Two things:
1. There is something absolutely wonderful about E.R. Bird’s review of Emily Gravett’s picture book “Wolves.” Take, for instance, Bird’s description of the book’s alternative ending – provided kindly by Gavett, since the original ending, she notes in the book, might be a bit gruesome for “sensitive readers” (caution: spoilers afoot!):
But rather than draw an additional scene for the last part of the book, Gravett does something pretty clever. We see the rabbit and the wolf chowing down on a hitherto unmentioned jam sandwich together. The thing is, Gravett has taken a great deal of care to show a spread that squeamish parents will buy as a legitimate ending, and intelligent children will not.

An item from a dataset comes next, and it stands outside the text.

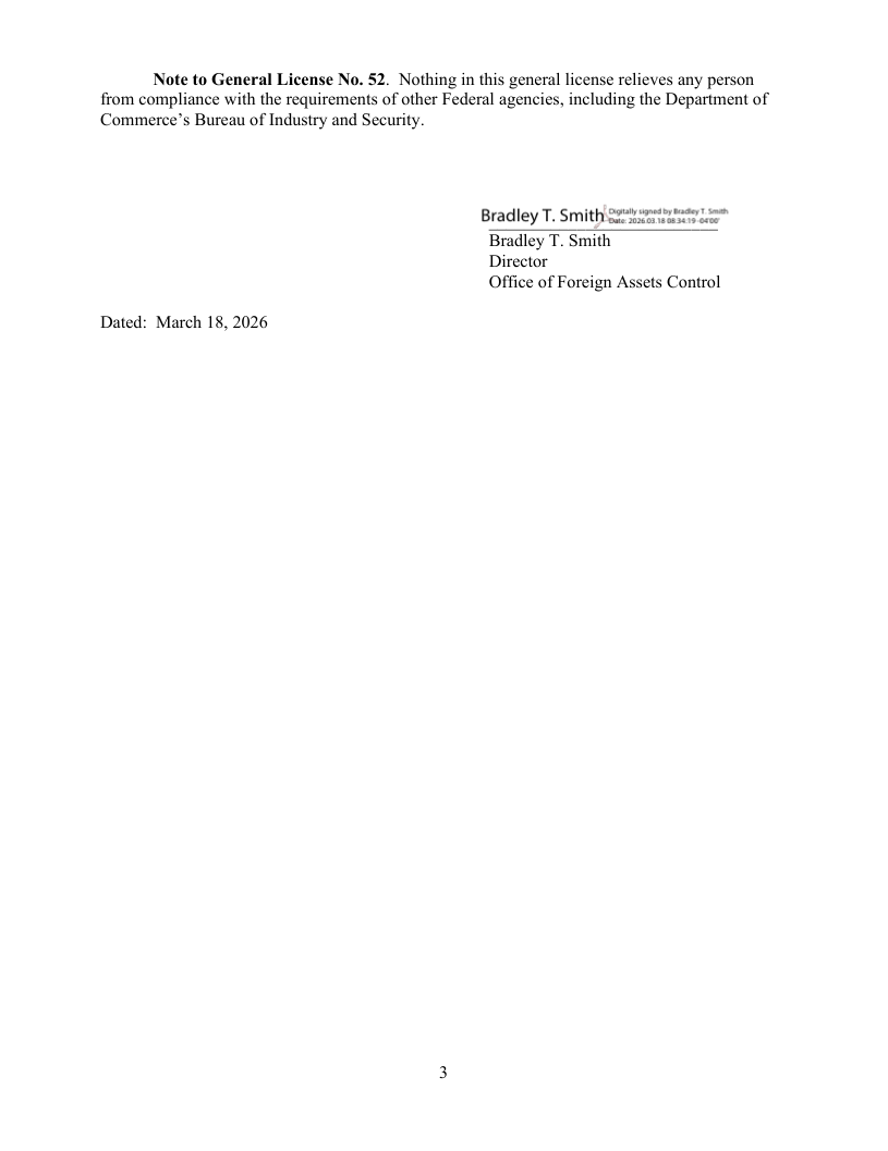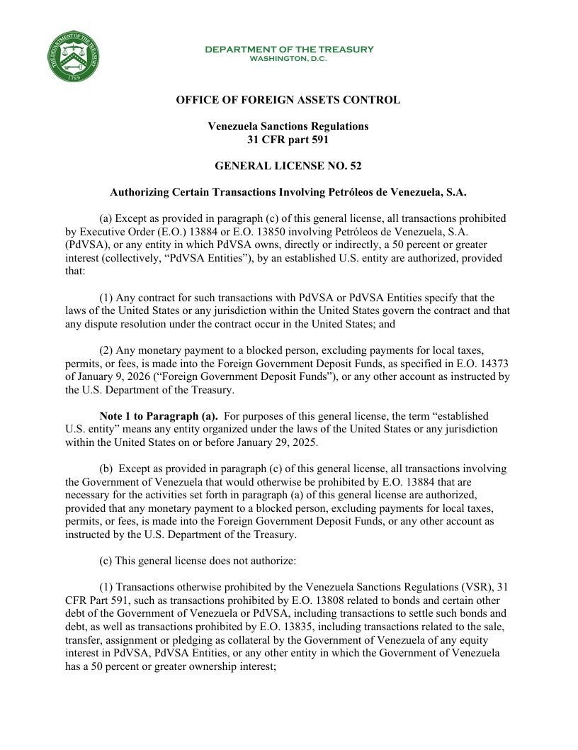 Asimismo, cualquier pago a una persona bloqueada (excluyendo impuestos locales, permisos o tasas) debe depositarse en los Fondos de Depósito del Gobierno Extranjero (Foreign Government Deposit Funds), según lo establecido en la Orden Ejecutiva 14373 del 9 de enero de 2026, o en otra cuenta indicada por el Departamento del Tesoro.

I suppose to put it into context, though, you have to read the book. Which leads me to…
2. There’s something even more wonderful about Emily Gravett’s picture book “Wolves” itself.
Sporting a terrifically clever and funny story, “Wolves” is also matched with simply pitch-perfect mixed-media illustrations: ones that reveal a story-within-a-story, as an intellectually curious rabbit borrows a book from the “burrowing” library that is all about wolves. As the rabbit reads all about wolves, though (sharing rather matter-of-factly his newfound information with the reader), the illustrations show something vastly different: the wolf in question that the rabbit reads about, we see, has seemingly stepped out of his paged confines and is now following the rabbit – prepared to lunge at any moment. Toward the book’s end, things go delightfully wrong for the poor fluffy old rabbit, and the reader is left with an empty spread – filled only with the rabbit’s borrowed book (now tattered and shredded) but with no sign of the rabbit himself. It’s a positively morbid way to end a story, and hence Gravitt provides the aforementioned “alternative ending” – but one, as clever young readers will quickly see, is a bit less than legitimate in its earnestness.
“Wolves” is the kind of subversive book that well-meaning adults love to hate, because of it’s “morbidness” and out of some seeming moral indignation that “kids deserve happy endings” – and the flip of that, it’s a book that clever children love to love, because of its brilliant cleverness and how it recognises their sense of humour and intelligence.